── Material to process
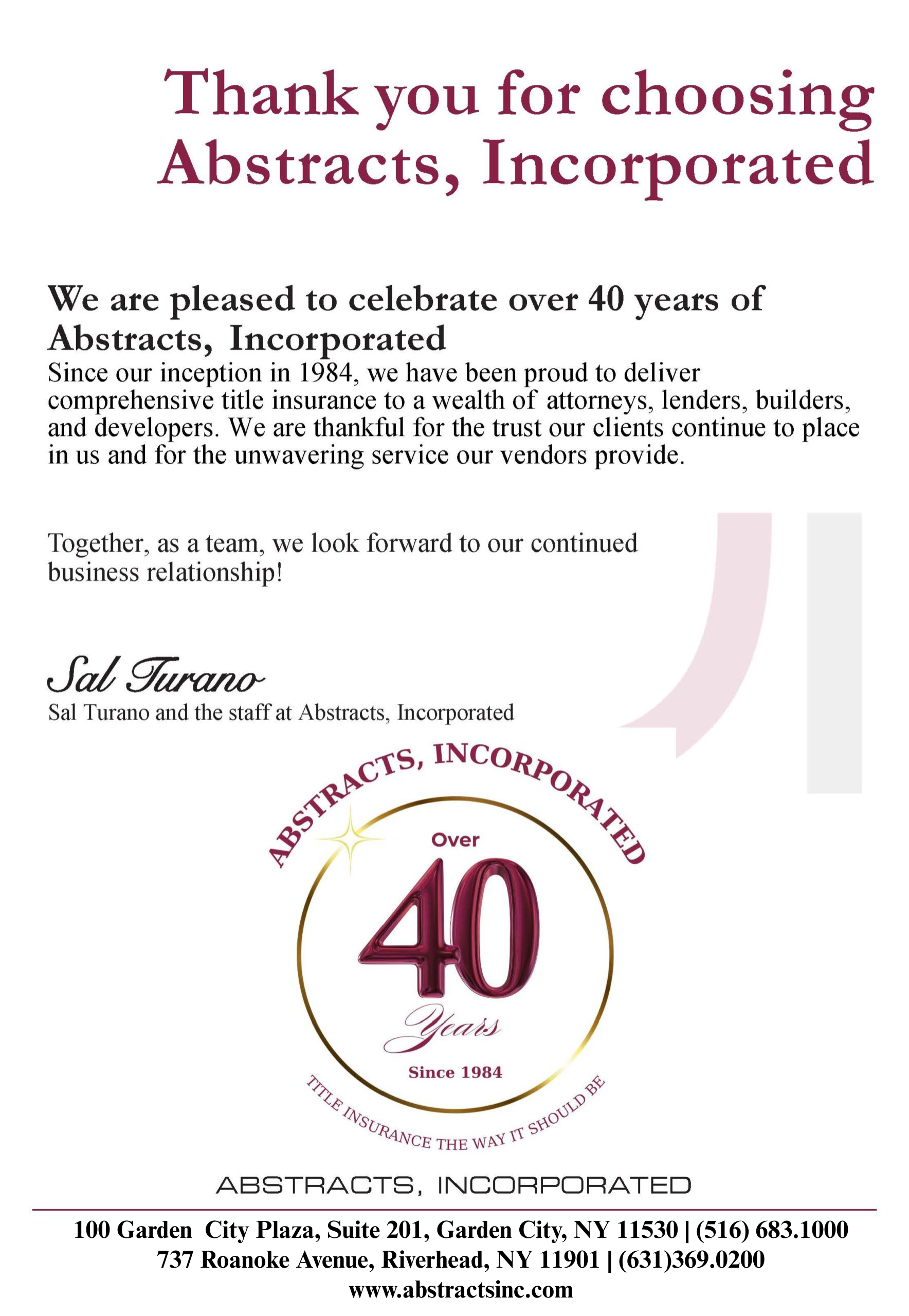 Established in 1984 by President Sal J. Turano, Abstracts, Incorporated has grown to become one of the leading title insurance agents in the Long Island and metropolitan New York area. Dedicated to a strong sense of industry ethics and excellence, Abstracts, Incorporated for decades has remained in the forefront of the title business. Abstracts, Incorporated is widely recognized for its broad knowledge and experience in all areas of title insurance and is well known to provide its clients with prompt and reliable title services.
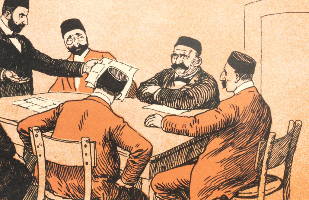 Four men sit around a table on chairs while a fifth man stands, brandishing a piece of paper and addressing the seated men. The seated men have concerned looks on their faces.
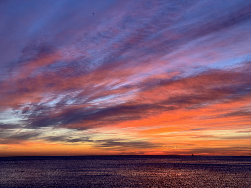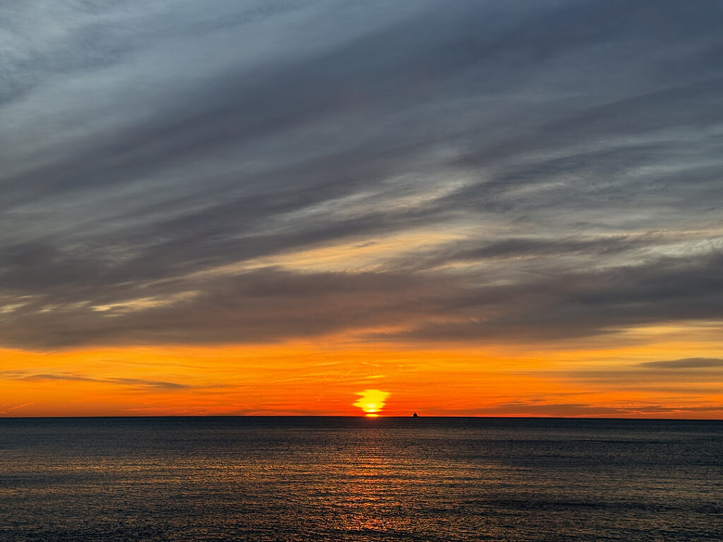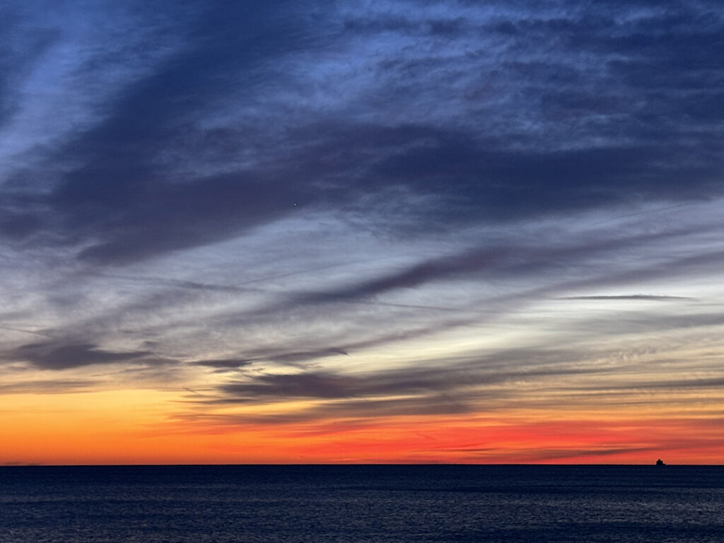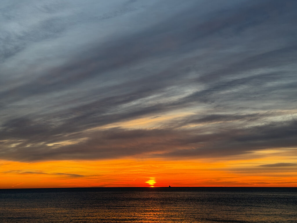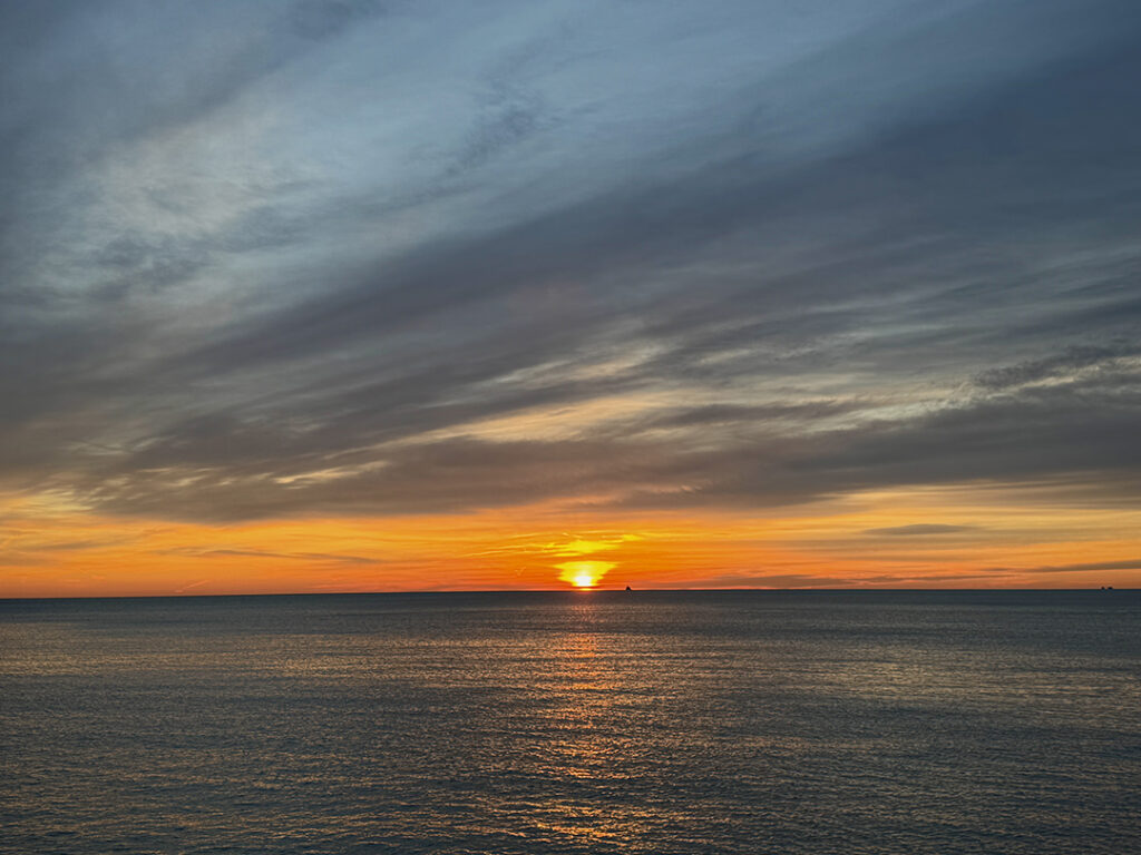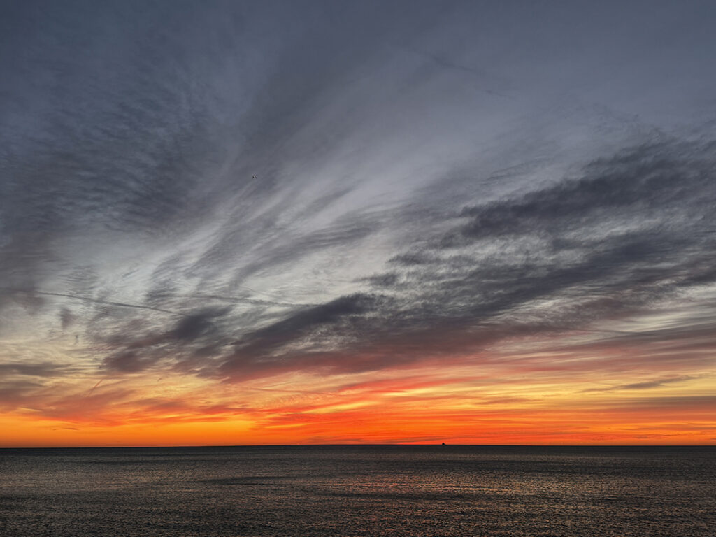 After a long rainy spell, it was nice to have a dry morning with a beautifully clouded sunrise. Great colors moving across the sky… as the clouds continued to move in. And it looks like it may just turn into another gray day.
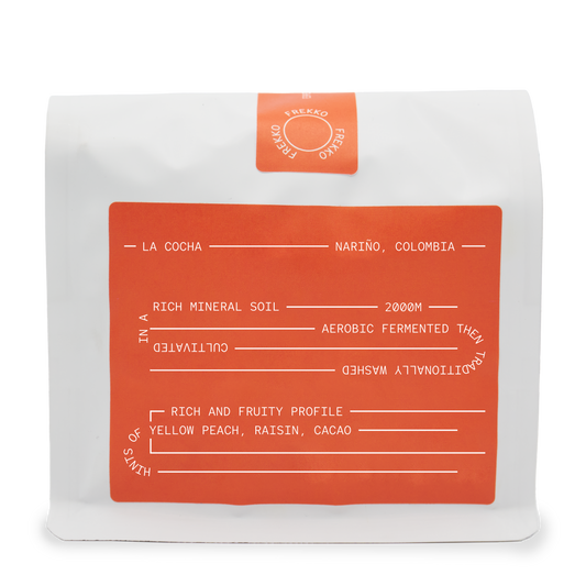 Deze koffie komt van de producent La Cocha in Nariño, Colombia. Opgericht om koffie met betekenis te maken. Dit doen ze door met lokale boeren een community te onderhouden waar ontmoeting centraal staat en er ruimte is om van elkaar te leren en samen te experimenteren.
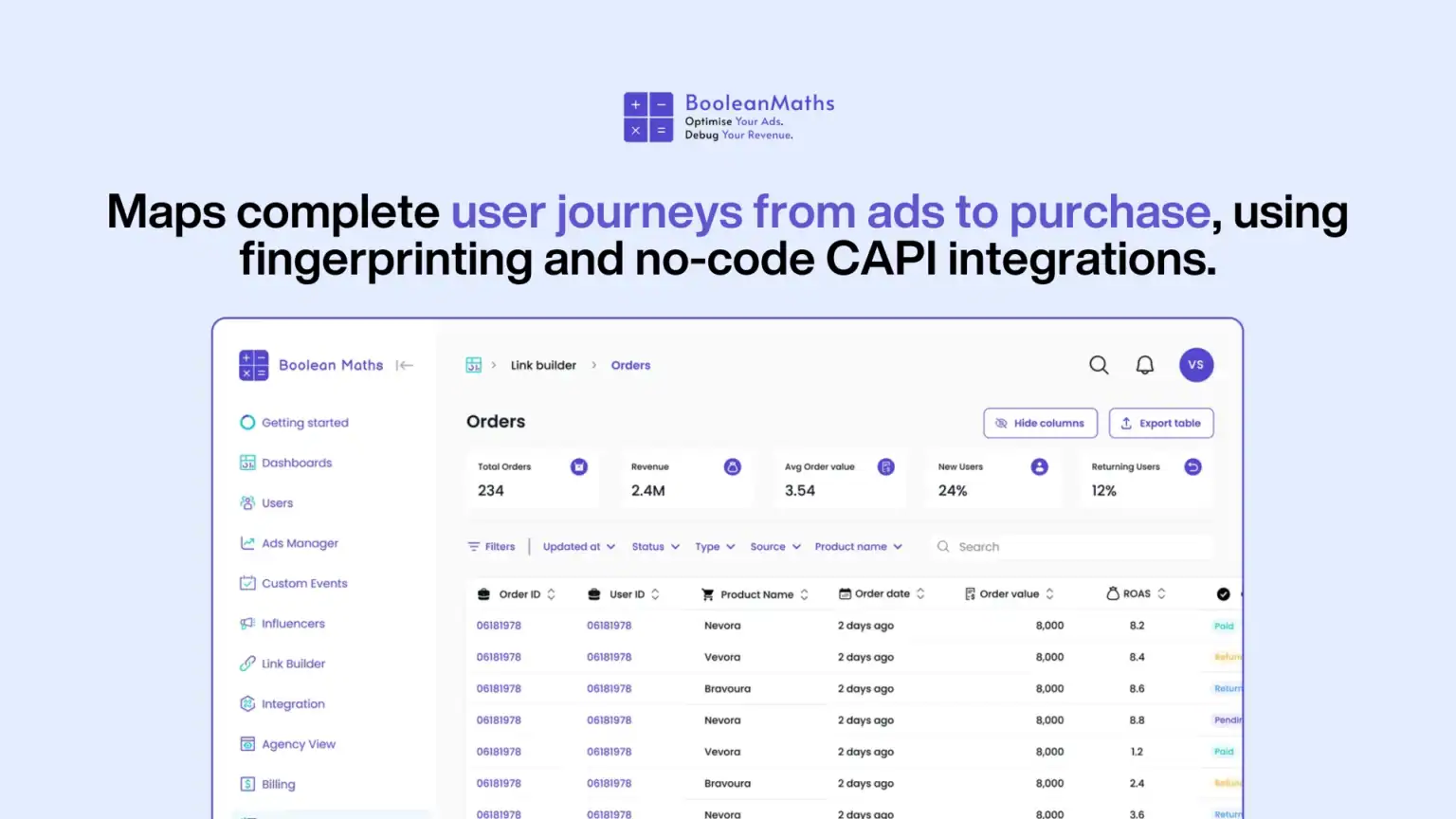 BooleanMaths is a powerful analytics platform that provides precise cross-channel attribution and actionable insights to help you confidently scale campaigns and maximize profit from your entire marketing mix.
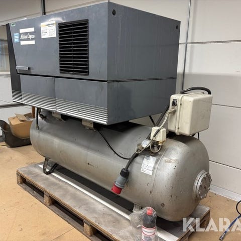En redig och robust kompressor i toppskick. Ingen rost eller andra skador. Enheten är monterad på hjul.
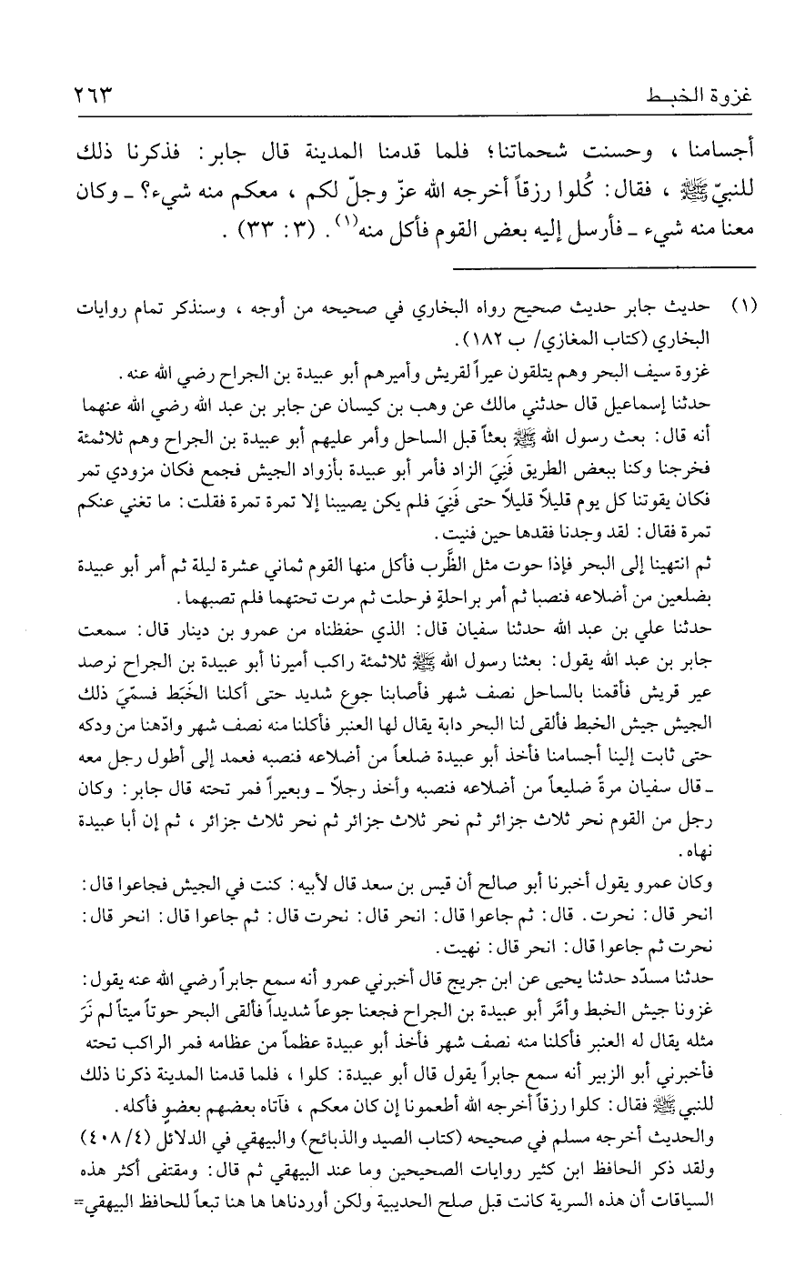 حدثنا علي بن عبد الله حدثنا سفيان قال: الذي حفظناه من عمرو بن دينار قال: سمعت جابر بن عبد الله يقول: بعثنا رسول الله - صلى الله عليه وسلم - ثلاثمئة راكب أميرنا أبو عبيدة بن الجراح نرصد عير قريش فأقمنا بالساحل نصف شهر فأصابنا جوع شديد حتى أكلنا الخَبَط فسمّيَ ذلك الجيش جيش الخبط فألقي لنا البحر دابة يقال لها العنبر فأكلنا منه نصف شهر وادّهنا من ودكه حتى ثابت إلينا أجسامنا فأخذ أبو عبيدة ضلعًا من أضلاعه فنصبه فعمد إلي أطول رجل معه - قال سفيان مرةً ضليعًا من أضلاعه فنصبه وأخذ رجلًا - وبعيرًا فمر تحته قال جابر: وكان رجل من القوم نحر ثلاث جزائر ثم نحر ثلاث جزائر ثم نحر ثلاث جزائر، ثم إن أبا عبيدة نهاه.
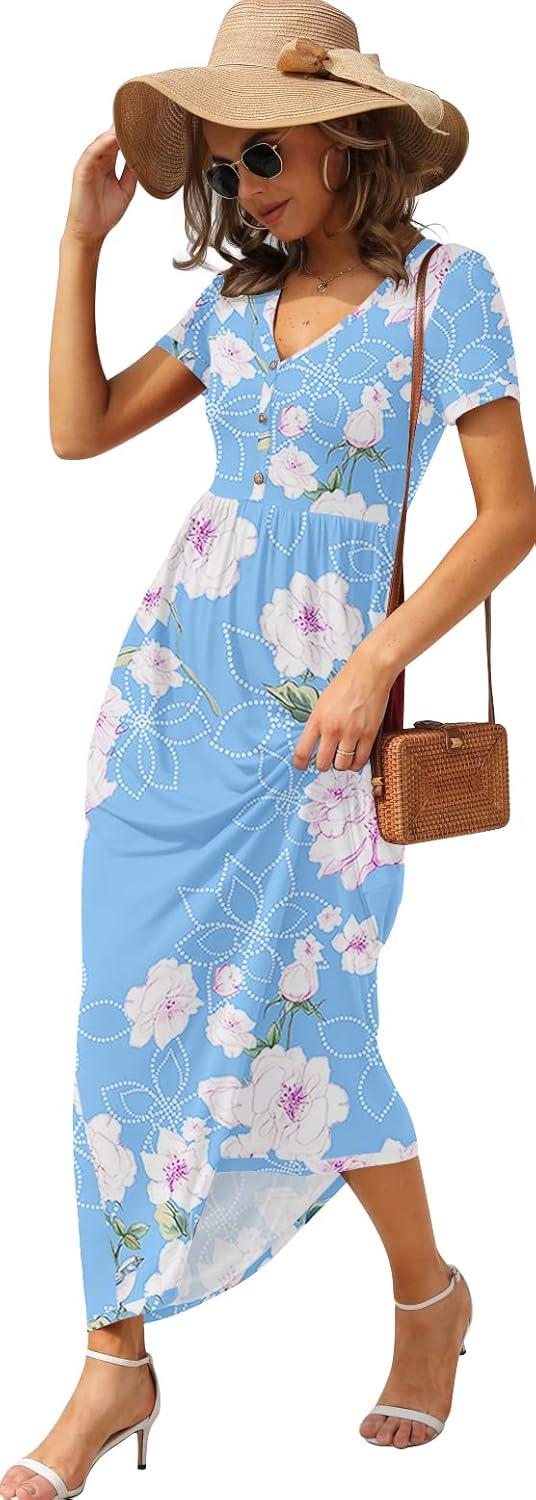 GRECERELLE Womens Long Maxi Dresses 2025 Short Sleeve V Neck Casual Summer Button Dress with Pockets(Flower Kapok Light Blue)
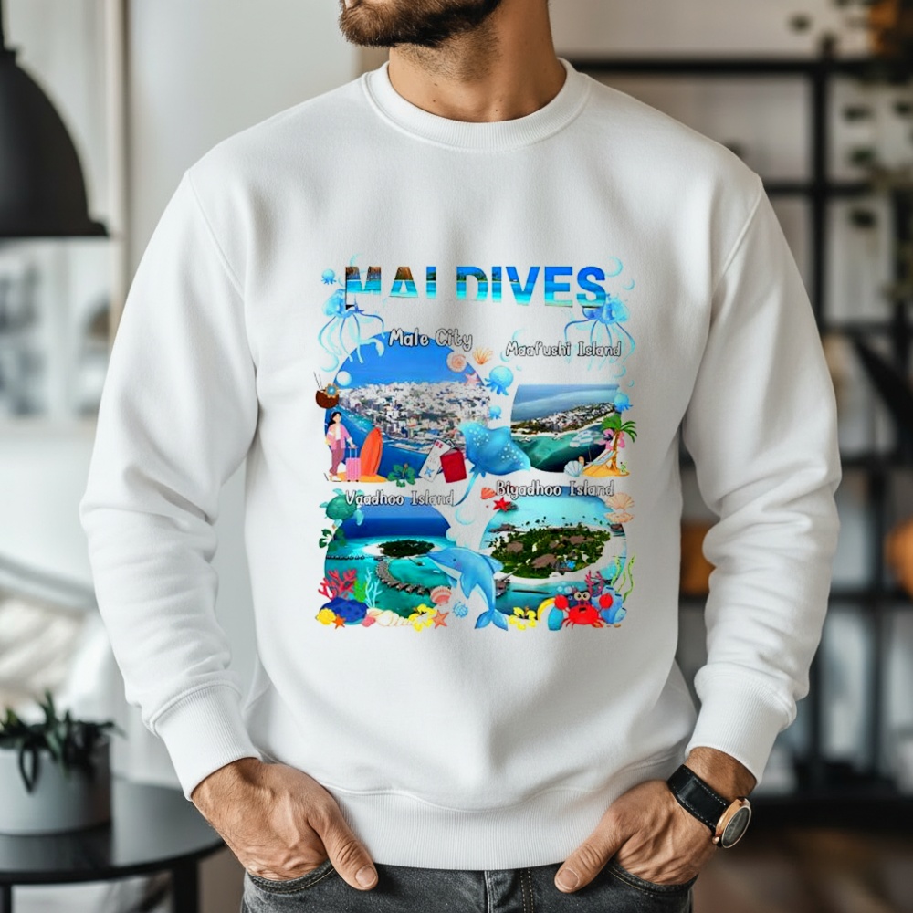 Maldives collage beach scenes Male City Maafushi Vaadhoo Biyadhoo island shirt
────
▶ _Problem details_:
Emit an exact copy of the lines from the line bearing "En redig och" through the last line above, inclusive, and leave the images out.

▶ _Answer for the task_:
En redig och robust kompressor i toppskick. Ingen rost eller andra skador. Enheten är monterad på hjul.
 حدثنا علي بن عبد الله حدثنا سفيان قال: الذي حفظناه من عمرو بن دينار قال: سمعت جابر بن عبد الله يقول: بعثنا رسول الله - صلى الله عليه وسلم - ثلاثمئة راكب أميرنا أبو عبيدة بن الجراح نرصد عير قريش فأقمنا بالساحل نصف شهر فأصابنا جوع شديد حتى أكلنا الخَبَط فسمّيَ ذلك الجيش جيش الخبط فألقي لنا البحر دابة يقال لها العنبر فأكلنا منه نصف شهر وادّهنا من ودكه حتى ثابت إلينا أجسامنا فأخذ أبو عبيدة ضلعًا من أضلاعه فنصبه فعمد إلي أطول رجل معه - قال سفيان مرةً ضليعًا من أضلاعه فنصبه وأخذ رجلًا - وبعيرًا فمر تحته قال جابر: وكان رجل من القوم نحر ثلاث جزائر ثم نحر ثلاث جزائر ثم نحر ثلاث جزائر، ثم إن أبا عبيدة نهاه.
 GRECERELLE Womens Long Maxi Dresses 2025 Short Sleeve V Neck Casual Summer Button Dress with Pockets(Flower Kapok Light Blue)
 Maldives collage beach scenes Male City Maafushi Vaadhoo Biyadhoo island shirt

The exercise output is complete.